Sunday, February 09, 2020

Parasite

One of last year's nominees for Best Picture was a black & white film, Roma, about a girl who works as a servant for a wealthy family.  Over the course of the film we see the wealthy family treat their servants with indifference, and sometime with cruelty.  Yet, the closing moments of the film are offer some important perspective; even family members are often treated with indifference and cruelty.  It becomes clear that the girl is a member of the family. 

This year, one of the nominees for Best Picture is a film from South Korea, Parasite, about a family that is struggling to survive by folding pizza boxes for a local pizza shop.  Their WiFi has been turned off, which is a clear indication that they've sunken to a new low.  A friend of the family helps one of the family members get a job as a tutor for teenage daughter of a technology company executive.  In no time at all, through a series of carefully orchestrated personnel changes, the entire family has traded in pizza box folding for jobs in the executive's home.  Roma and Parasite have central characters who are servants for wealthy families, and that's where the comparison ends.  The central characters of Parasite don't have any respect for the wealthy family, to the contrary, they have animosity for them, and look to manipulate them at every opportunity.
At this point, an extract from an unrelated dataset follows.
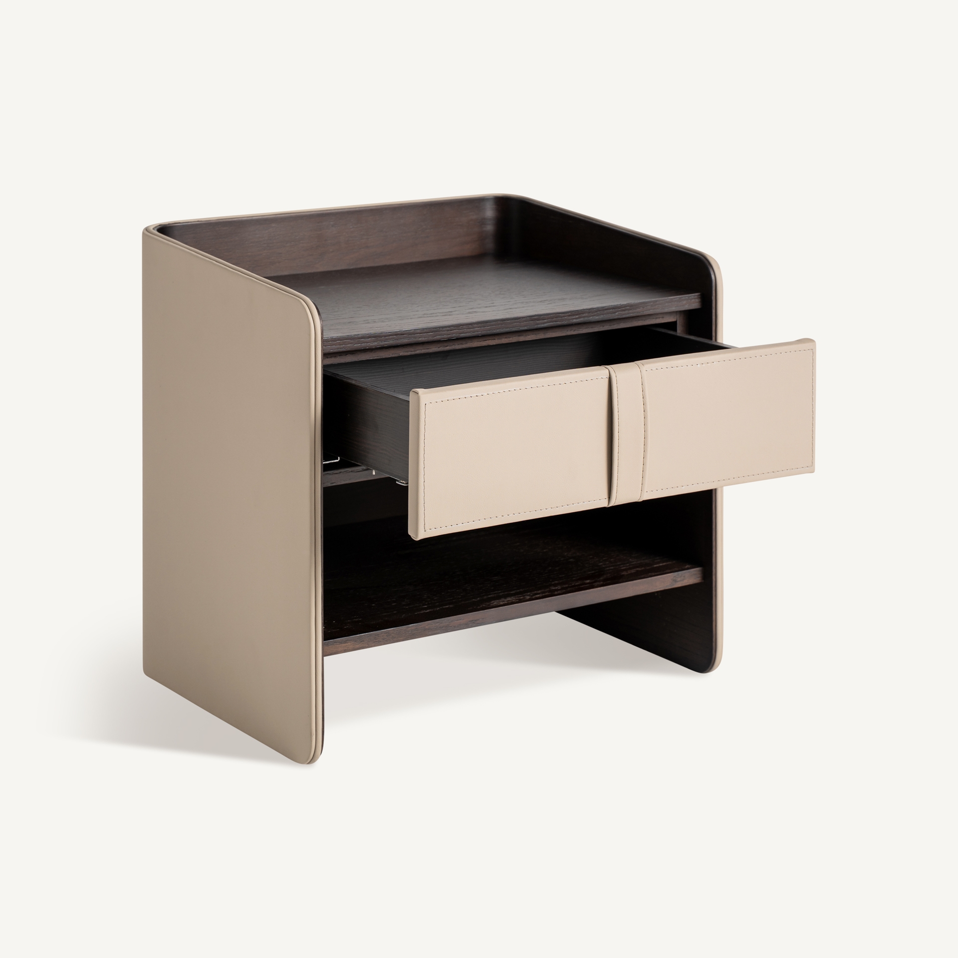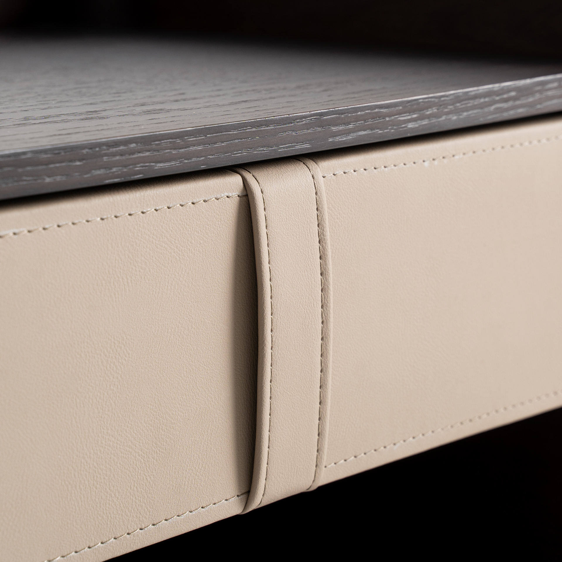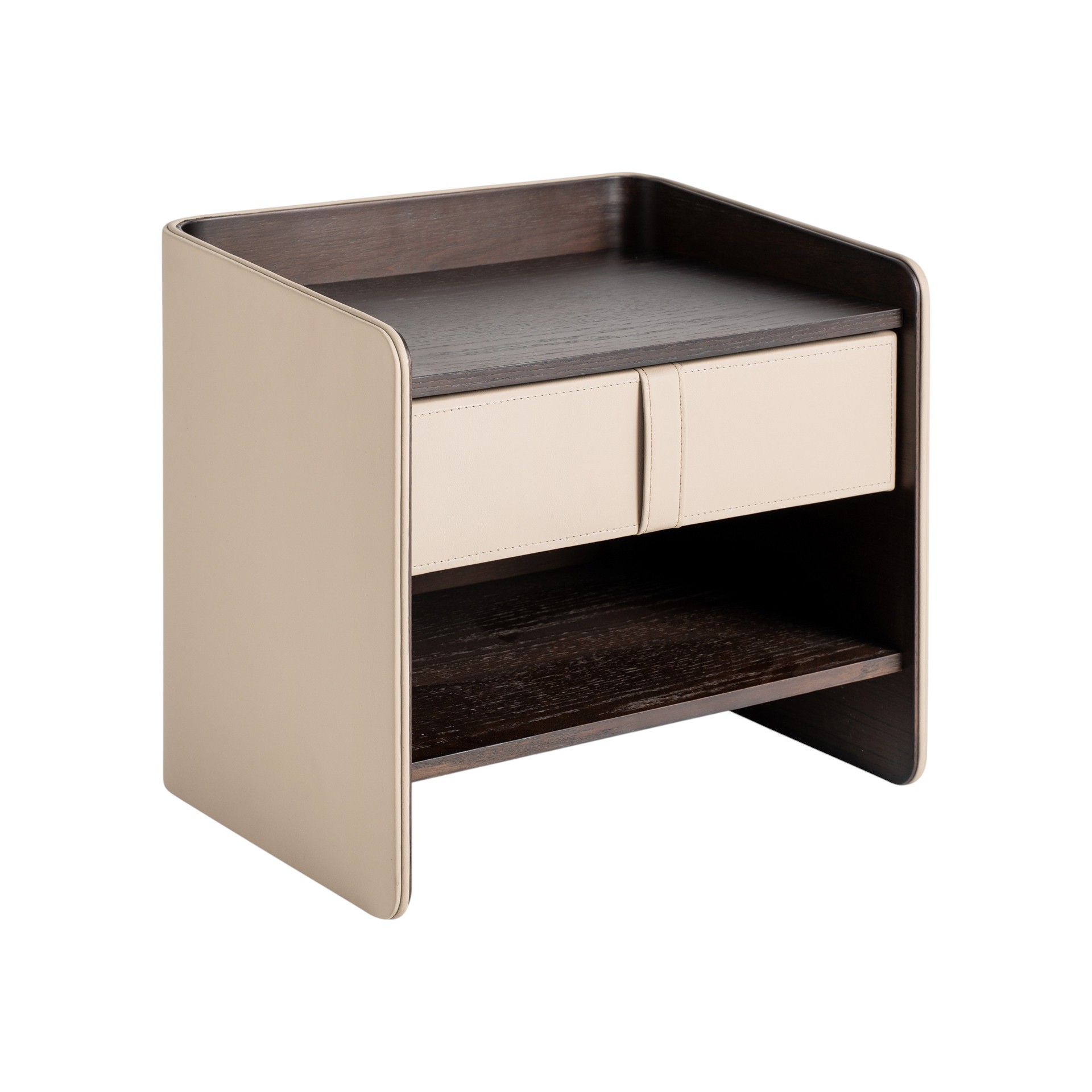 Элегантная и современная прикроватная тумбочка от бренда Vical станет идеальным акцентом в роскошной спальне. Сочетание мягкой бежевой отделки из кожи с тёмным деревом создаёт гармоничный контраст, подчёркивая премиальное качество и внимание к деталям. Стильный, закруглённый дизайн придаёт изделию утончённость и мягкость.

What's interesting is that the director of Parasite, Bong Joon Ho doesn't focus on the class conflict, rather he is interested in a certain struggle that is unique to the human condition; shame.  From the opening scenes where it is revealed that the central characters have been failing at everything; they can't keep jobs, they can't stay in school, and they can't fold pizza boxes very well.  As a result each of them feels a certain amount of shame, and they each are handling it in their own way.  What makes this film unique is that it is an amalgamation of two genres; part thoughtful ultra-realism character study (like Roma), and part twisted thriller (like The Girl With the Dragon Tattoo).  While this mixture ultimately worked, there were certain elements that just fell flat.  The scenes that were meant to be jarring felt uninspired, and the believably that was established in the first half of the film was missing during the climax.